Peut-on encore défendre la liberté d'expression face aux discours haineux ?
La question est brûlante, et pourtant, elle n'est pas nouvelle.
Revenons un instant sur ce qui s'est passé en 2010, lorsque Marine Le Pen,
alors vice-présidente du Front National, avait comparé les prières de rue des
musulmans à l'Occupation nazie.
Des mots forts, qui avaient provoqué l'indignation et les accusations d'incitation
à la haine.
Un jugement a fini par conclure que ses propos relevaient de la liberté d'expression.
Fin de l'histoire ? Pas tout à fait.
Car au fond, cette affaire pose une question essentielle : où s'arrête la liberté d'expression, et où commence la haine ?
À quel moment des paroles deviennent-elles suffisamment "tranchantes" pour justifier l'intervention de la loi ?
Ces questions sont aussi vieilles que la Loi du Talion : "œil pour œil, dent pour dent."
Des siècles plus tard, le débat continue de faire rage, mais sous une forme bien plus subtile.
La parole, une arme à double tranchant
Aujourd'hui, les mots ont le pouvoir de blesser autant qu'une lame affûtée. Une insulte, une idée déplacée, un mauvais regard, et le couperet tombe. Et oui, nous vivons dans une époque où la susceptibilité est exacerbée, où l'on s'offusque plus vite qu'on ne pardonne.
Certains diront que la société devient plus respectueuse ; d'autres, qu'elle s'auto-censure.
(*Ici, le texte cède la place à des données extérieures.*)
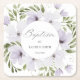 Elegant Floral Baptism Christening Script Square Paper Coaster
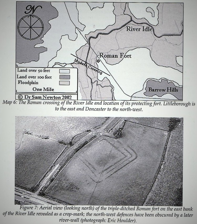 The suggestion is then that it was along this strategic road into the north that Raedwald advanced with his army to confront Aethelfrith. If this was the case, it becomes easier to trace his route on the ground, in the following series of maps. That Raedwald could organise and lead a long-distance military expedition on this scale implies that he was an experienced commander. His initial advance out of East Anglia could have followed two possible routes. He could have led his army overland along the Roman road from Cambridge along the southern edge of the great Fenland barrier until he came to Ermine Street, and thence along King Street via Bourne and Sleaford to Lincoln. Alternatively, he could have advanced more rapidly if he used a fleet using the former Roman army ferry crossing from Norfolk to Lincolnshire, approaching Lincoln from the east. The old Roman city of Lincoln then formed part of the kingdom of Lindsey, but it is not clear whether Raedwald’s overlordship extended over ‘Lindissi’. By whichever means he arrived at Lincoln, from the city Raedwald would have marched north along Ermine Street and then turned north-west towards Littleborough, a stronghold some eight miles down the road at the paved ford over the Trent. The river Idle crossing was twelve miles up the road from Littleborough and it was there that the battle with Aethelfrith is likely to have taken place. From the fourth century, this crossing had was controlled from its east bank by a Roman fort enclosing an area of about half an acre and protected by triple ditches, still visible from the air today.

Alors que de plus en plus de voix s'élèvent pour dénoncer les discours offensants, d'autres s'inquiètent de la montée de la censure et de la "cancel culture".
Lorsque la parole devient tranchante, on se pose la question : est-ce que le fait d'empêcher quelqu'un de s'exprimer librement n'est pas, en soi, une forme de "mise à mort" de sa liberté ?
La liberté d'expression à l'épreuve du fondamentalisme
Ce qui est frappant, c'est que les discours les plus controversés ne sont pas nouveaux.
Ils rappellent l'Inquisition ou d'autres périodes sombres où les idées divergentes étaient punies par le bûcher. Aujourd'hui, la "peine de mort" de la liberté d'expression prend la forme d'une société qui décide collectivement ce qui peut être dit, et ce qui doit être réduit au silence.
Les fondamentalistes modernes, qu'ils soient religieux ou idéologiques, n'ont pas besoin d'épées ou de bûchers : il leur suffit de couper court à la parole.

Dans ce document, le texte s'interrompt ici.